Prove that $(x^2+y^2+z^2)\nabla^2[\delta(x)\delta(y)\delta(z)]=6\delta(x)\delta(y)\delta(z)$

Homework Equations

$\delta''(x)/2=\delta(x)/x^2$

The Attempt at a Solution

I have obtained this:

$6\delta(x)\delta(y)\delta(z) + (xy)^2/2\Bigg(\delta''(y)\delta''(z)+\delta''(x)\delta''(z)\Bigg)+(xz)^2/2\Bigg(\delta''(y)\delta''(z)+\delta''(x)\delta''(y)\Bigg)+(yz)^2/2\Bigg(\delta''(x)\delta''(z)+\delta''(x)\delta''(y)\Bigg)$

This looks like a huge mess, hehe, sorry.

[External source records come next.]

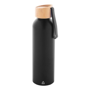 Láhev z recyklovaného hliníku s bambusovým víčkem a silikonovým popruhem v odpovídající barvě, 600 ml.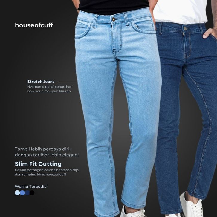 Celana panjang Jeans Slim Fit biru pudar denim pants pria houseofcuff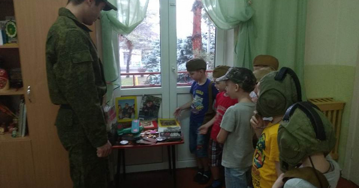 Дошкольники с интересом слушали рассказ курсанта. Сергея Сергеевича они расспросили о воинских званиях и наградах, рассказали ему о своих родных, которые защищали родину или служили в Вооруженных Силах России, и даже показали гостю самолет, который они вместе с воспитателем сделали в технике папье-маше.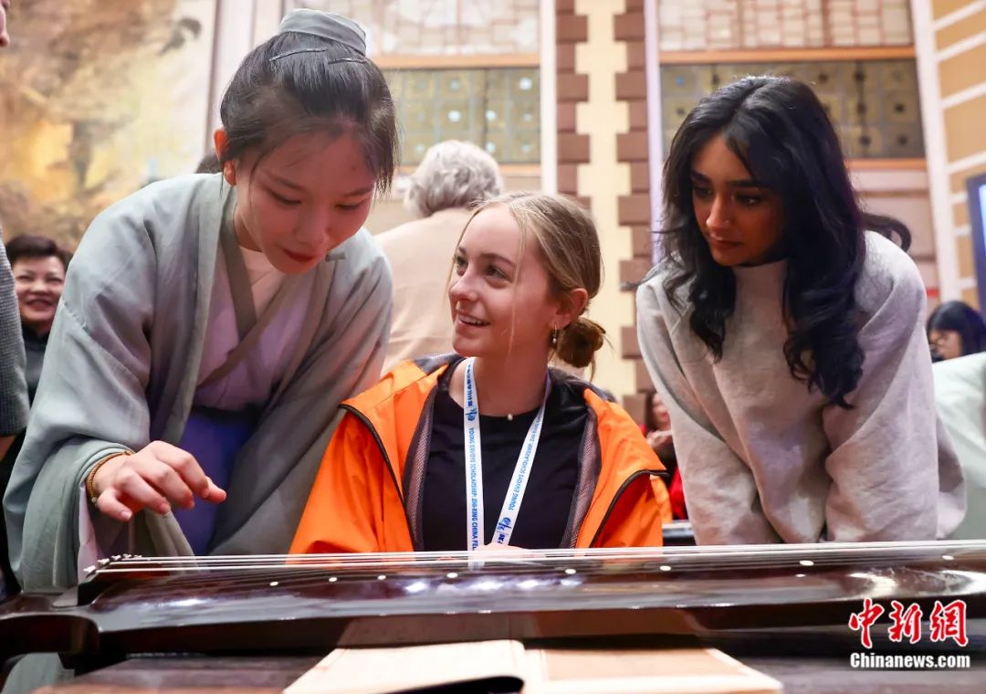 2024年3月20日上午,中美学子在北京大学开展交流,来自华盛顿州的两名中学生体验古琴。易海菲 摄

Any ideas on how to make disappear those ugly terms and only remain with the first one?

Thanks.

 

[Delta2]

Whats the identity for x\delta(x)?

 

[davidbenari]

$x\delta(x)=0$ Is this a hint or were you asking me this?

 

[Delta2]

yes, it was meant as a hint, your original expression seems a mess indeed, just do only the term \frac{\partial^2}{\partial x^2} of the laplacian and you see easily that it contributes 2\delta(x)\delta(y)\delta(z)

 

[davidbenari]

Oh! What a dope am I. Thanks hehe!

 

[davidbenari]

Wait, sorry. But those terms are divided by (e.g. the x term) $x^2$ So I would get in total that $(x^2+y^2+z^2)\nabla^2 (\delta(x)\delta(y)\delta(z))=2\delta(x)\delta(y)\delta(z)(x^-2+y^-2+z^-2)(x^2+y^2+z^2)$

 

[Delta2]

yes, expand it, one term of the expansion will be (for x^-2) 2\delta(x)\delta(y)\delta(z)(1+\frac{y^2+z^2}{x^2}). Now you can see that for example that \frac{y^2}{x^2}2\delta(x)\delta(y)\delta(z) is zero .

 

[davidbenari]

Thanks Delta^2 I think I've got it now.